Il prete dall'anima nera
Storia di Don Tullio Calcagno, parroco fascista e repubblichino

Foto di Don Tullio Calcagno - Wikimedia Commons
Nel 1942 un parroco di Terni chiese al Sant'Uffizio di analizzare alcune sue tesi, per aver conferma della loro ortodossia. Egli sosteneva che fosse legittimo, oltre che uccidere, anche odiare il nemico della patria e che una guerra dichiarata da un governo legittimo (come quello fascista) fosse sempre giusta e santa. Queste tesi, in particolare quelle legate all'odio e alla guerra santa, furono confutate e condannate dal domenicano Mariano Cordovani e il Sant'Uffizio impose al sacerdote l'abiura e l'impegno a non occuparsi più di tali cose. Questo parroco si chiamava Tullio Calcagno, e le sue attività a favore del regime fascista e della guerra condotta dall'Italia non si sarebbero fermate li. Infatti, dopo l'8 settembre 1943 egli tornò a scrivere di politica e di guerra, prendendosela con l'infame" Vittorio Emanuele III e le "inette" Forze Armate Italiane. Per la sua recidività fu quindi sospeso e rimosso dalla sua parrocchia: si portò quindi a Cremona, trovando un ambiente a lui più favorevole. Iniziò quindi a collaborare con il gerarca Roberto Farinacci, scrivendo numerosi articoli sul giornale "Il regime fascista", supportando l'alleanza con i nazisti e attaccando l'alto clero per la sua "germanofobia" e il mancato supporto alla RSI . All'inizio del 1944, insieme ad altri sacerdoti uniti dalla fede in "Dio e Patria", fondò anche il periodico "Crociata Italica" in cui si paragonava la guerra dell'Asse a una guerra santa e si vagheggiava addirittura della creazione di una chiesa nazionale italiana, più patriottica e legata alla RSI. Tutte queste attività naturalmente non passarono inosservate alle gerarchie ecclesiastiche locali.
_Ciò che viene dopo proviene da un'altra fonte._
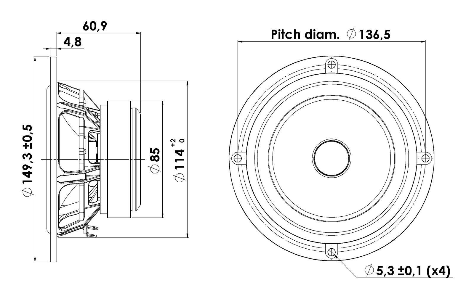 15cm Midrange 4ohm, Coated Fiberglass Cone, Ferrite Magnet

In particolare, il vescovo di Cremona Giovanni Cazzani e l'arcivescovo di Milano Ildefonso Schuster fecero pressione sul Sant'Uffizio e su Pio XII per un'ulteriore condanna di Don Calcagno. Questa arrivò solo l'anno dopo, con la scomunica del sacerdote per aver ripetutamente disobbedito alla Chiesa e aver attentato alla sua unità. Don Calcagno fu fucilato il 29 Aprile 1945 dai partigiani comunisti, con addosso l'abito talare (che nonostante tutto aveva sempre continuato a portare) e gli stivaletti rigidi da gerarca.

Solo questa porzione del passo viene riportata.